▶ _WHAT THE EXERCISE ASKS_:
Exactly the lines below starting at the line with "Vue des bassins" and ending at the line with "위 왼쪽 화면과 같이" are wanted, with both ends included. Leave out the pictures and add no other lines.

▶ _DATA SUPPLIED_:
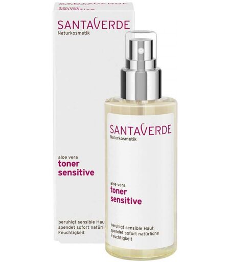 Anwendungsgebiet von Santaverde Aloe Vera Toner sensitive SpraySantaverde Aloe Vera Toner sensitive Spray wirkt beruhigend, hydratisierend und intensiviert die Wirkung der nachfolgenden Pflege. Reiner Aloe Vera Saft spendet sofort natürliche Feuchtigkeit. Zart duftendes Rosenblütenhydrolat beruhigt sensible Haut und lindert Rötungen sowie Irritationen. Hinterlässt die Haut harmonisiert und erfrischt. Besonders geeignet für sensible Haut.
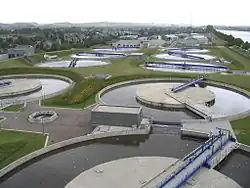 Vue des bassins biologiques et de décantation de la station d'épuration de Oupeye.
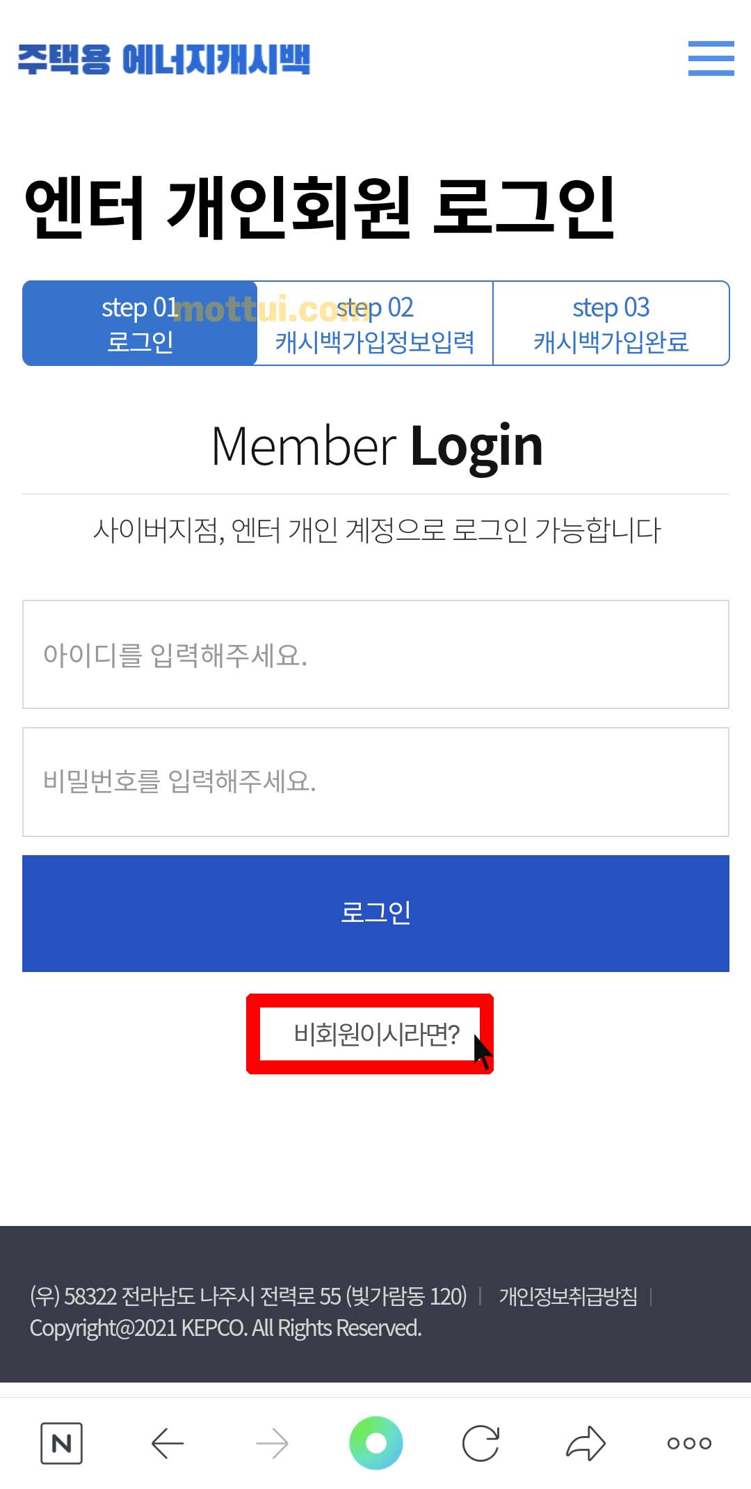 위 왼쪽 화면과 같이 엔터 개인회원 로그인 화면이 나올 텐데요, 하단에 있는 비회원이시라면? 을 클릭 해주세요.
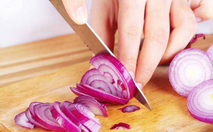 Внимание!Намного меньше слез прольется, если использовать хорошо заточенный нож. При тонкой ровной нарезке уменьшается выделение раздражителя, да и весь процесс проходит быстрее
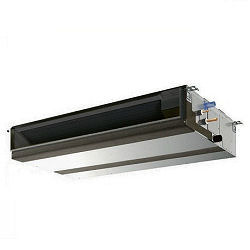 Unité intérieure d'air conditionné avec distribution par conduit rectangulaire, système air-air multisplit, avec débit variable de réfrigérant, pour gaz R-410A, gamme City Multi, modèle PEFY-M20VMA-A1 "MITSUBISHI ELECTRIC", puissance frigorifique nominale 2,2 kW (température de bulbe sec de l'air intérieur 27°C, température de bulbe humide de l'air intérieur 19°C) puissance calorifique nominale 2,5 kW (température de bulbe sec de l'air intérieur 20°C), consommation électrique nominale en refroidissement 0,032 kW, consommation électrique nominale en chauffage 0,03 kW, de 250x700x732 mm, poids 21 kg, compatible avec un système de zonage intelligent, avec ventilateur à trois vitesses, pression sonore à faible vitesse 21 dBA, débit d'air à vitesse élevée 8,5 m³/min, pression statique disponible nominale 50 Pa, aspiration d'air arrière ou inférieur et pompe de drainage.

▶ _EXERCISE SOLUTION_:
 Vue des bassins biologiques et de décantation de la station d'épuration de Oupeye.
 위 왼쪽 화면과 같이 엔터 개인회원 로그인 화면이 나올 텐데요, 하단에 있는 비회원이시라면? 을 클릭 해주세요.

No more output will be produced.